* _Task item_
The answer is a stretch of the material below, returned exactly: the line containing "White Buffalo Turquoise", the line containing "MICHAEL Michael Kors", and all lines between.

Data for review below:

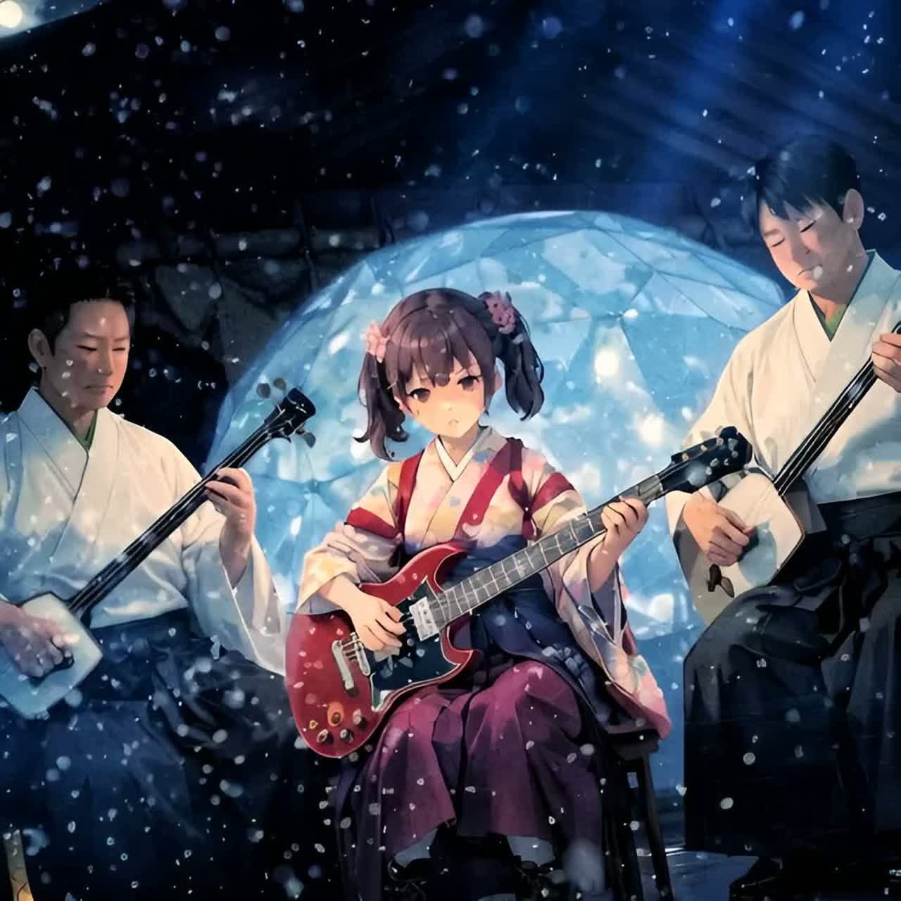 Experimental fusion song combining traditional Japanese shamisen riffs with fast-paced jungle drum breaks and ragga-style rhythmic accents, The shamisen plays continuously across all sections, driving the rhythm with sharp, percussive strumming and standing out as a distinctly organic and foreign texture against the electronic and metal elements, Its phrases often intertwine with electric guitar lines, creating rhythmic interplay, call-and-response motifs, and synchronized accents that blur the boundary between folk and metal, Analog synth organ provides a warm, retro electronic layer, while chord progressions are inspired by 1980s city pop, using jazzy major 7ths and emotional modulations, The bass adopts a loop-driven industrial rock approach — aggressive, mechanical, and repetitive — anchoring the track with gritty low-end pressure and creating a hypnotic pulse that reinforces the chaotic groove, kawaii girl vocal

End of Data for review.
Data for review below:

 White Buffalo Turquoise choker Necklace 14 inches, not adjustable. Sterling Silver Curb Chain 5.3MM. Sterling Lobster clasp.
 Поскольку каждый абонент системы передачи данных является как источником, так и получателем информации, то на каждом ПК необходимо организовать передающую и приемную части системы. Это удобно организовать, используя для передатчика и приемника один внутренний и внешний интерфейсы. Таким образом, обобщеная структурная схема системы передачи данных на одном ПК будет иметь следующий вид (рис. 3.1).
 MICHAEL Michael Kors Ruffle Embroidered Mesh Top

End of Data for review.
Data for review below:

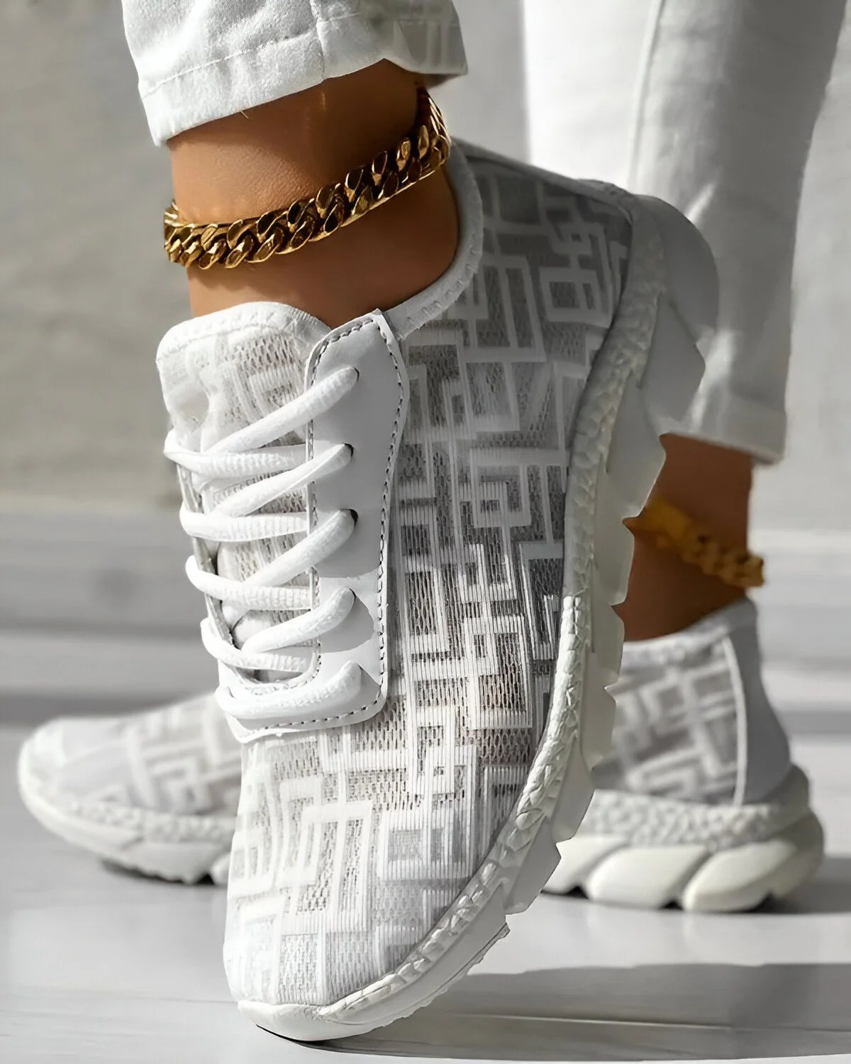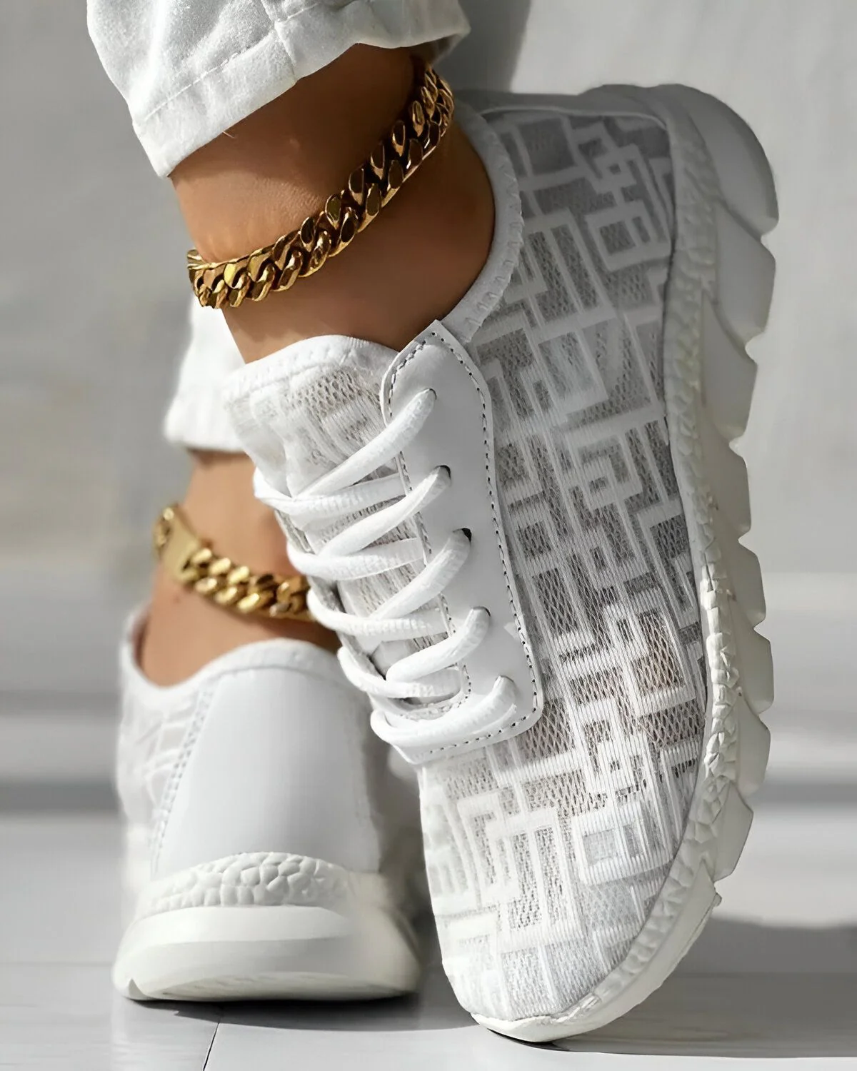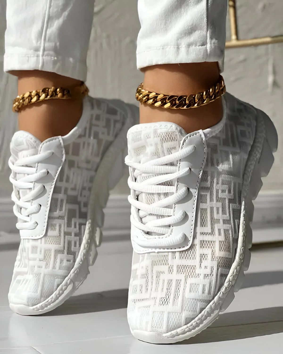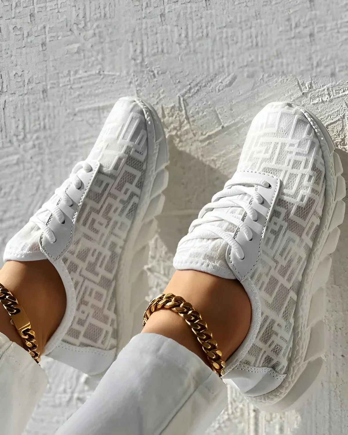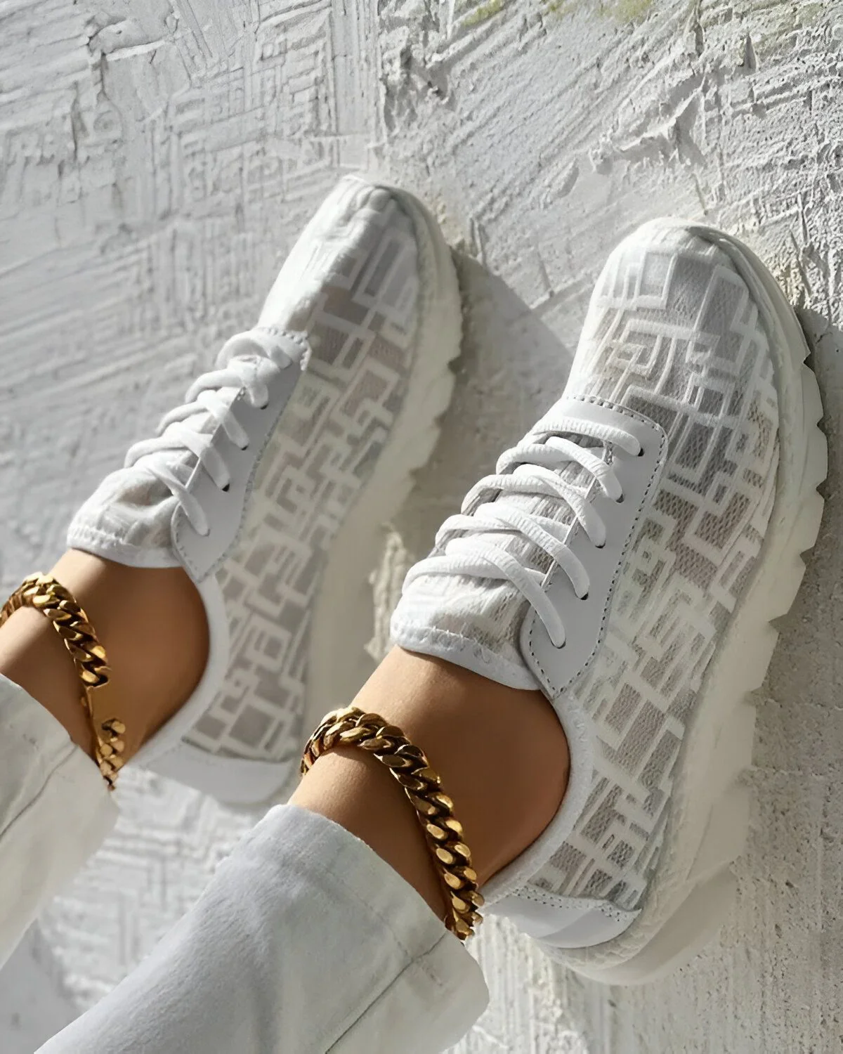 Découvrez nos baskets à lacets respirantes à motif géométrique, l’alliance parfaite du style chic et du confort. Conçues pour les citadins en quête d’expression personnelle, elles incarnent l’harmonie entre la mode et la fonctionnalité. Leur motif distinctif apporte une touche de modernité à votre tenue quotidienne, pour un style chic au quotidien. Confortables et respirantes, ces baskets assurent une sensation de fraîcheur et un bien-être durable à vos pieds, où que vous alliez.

End of Data for review.

* _Task solution_
 White Buffalo Turquoise choker Necklace 14 inches, not adjustable. Sterling Silver Curb Chain 5.3MM. Sterling Lobster clasp.
 Поскольку каждый абонент системы передачи данных является как источником, так и получателем информации, то на каждом ПК необходимо организовать передающую и приемную части системы. Это удобно организовать, используя для передатчика и приемника один внутренний и внешний интерфейсы. Таким образом, обобщеная структурная схема системы передачи данных на одном ПК будет иметь следующий вид (рис. 3.1).
 MICHAEL Michael Kors Ruffle Embroidered Mesh Top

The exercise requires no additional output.